Data segment >>
-- Opening Marker --

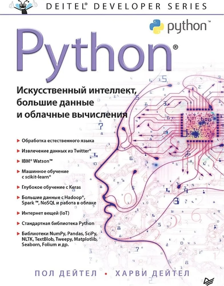 Python: Искусственный интеллект, большие данные и облачные вычисления Автор: Дейтел Пол, Дейтел Харви, 2020 Описание: Вы познакомитесь с обработкой естественного языка, анализом эмоций в Twitter, когнитивными вычислениями IBM Watson, машинным обучением с учителем в задачах классификации и регрессии, машинным обучением без учителя в задачах кластеризации, распознавания образов с глубоким обучением и сверточными нейронными сетями, рекуррентными нейронными сетями, большими данными с Hadoop, Spark и NoSQL, IoT и многим другим. #python #программирование #книга #учебник #питон
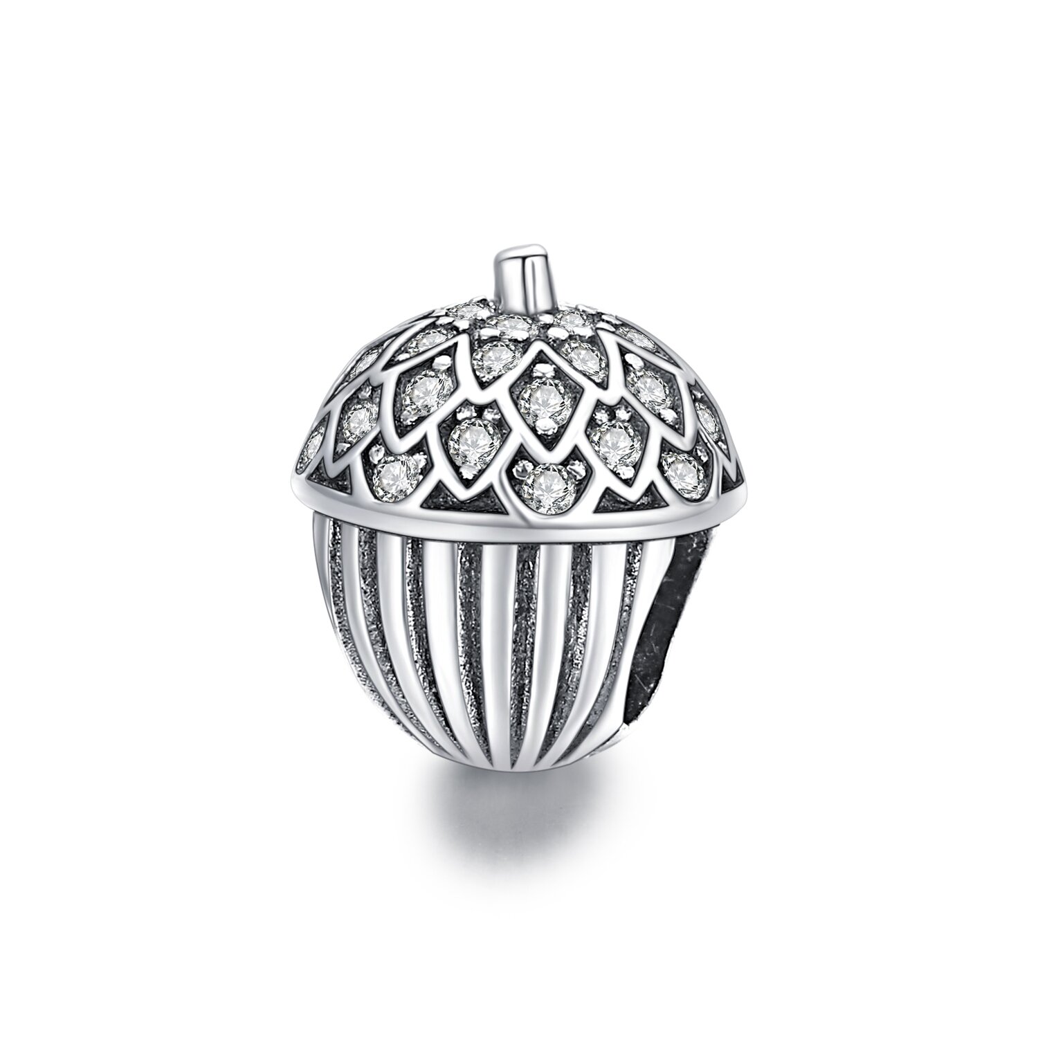 Talisman din argint Sparkling Acorn. Material: Argint 925 Placaj: Rodiu Dimensiuni: L x l x g= 10mm x 8mm x 8mm Greutate aprox: 1.27g Tip talisman: Charm Pietre: Zirconiu
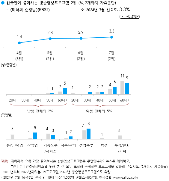 KBS2 주말극 〈미녀와 순정남〉(2.9%)이 선호 방송영상프로그램 두 달 연속 2위에 올랐다. 톱배우에서 밑바닥으로 추락한 ‘박도라’(임수향)와 그를 일으켜 세우는 드라마PD ‘고필승’(지현우)의 로맨틱 코미디이다.

-- Closing Marker --

What you should do >> Produce the full material again verbatim, with the pictures dropped.

Answer below >>
 Python: Искусственный интеллект, большие данные и облачные вычисления Автор: Дейтел Пол, Дейтел Харви, 2020 Описание: Вы познакомитесь с обработкой естественного языка, анализом эмоций в Twitter, когнитивными вычислениями IBM Watson, машинным обучением с учителем в задачах классификации и регрессии, машинным обучением без учителя в задачах кластеризации, распознавания образов с глубоким обучением и сверточными нейронными сетями, рекуррентными нейронными сетями, большими данными с Hadoop, Spark и NoSQL, IoT и многим другим. #python #программирование #книга #учебник #питон
 Talisman din argint Sparkling Acorn. Material: Argint 925 Placaj: Rodiu Dimensiuni: L x l x g= 10mm x 8mm x 8mm Greutate aprox: 1.27g Tip talisman: Charm Pietre: Zirconiu
 KBS2 주말극 〈미녀와 순정남〉(2.9%)이 선호 방송영상프로그램 두 달 연속 2위에 올랐다. 톱배우에서 밑바닥으로 추락한 ‘박도라’(임수향)와 그를 일으켜 세우는 드라마PD ‘고필승’(지현우)의 로맨틱 코미디이다.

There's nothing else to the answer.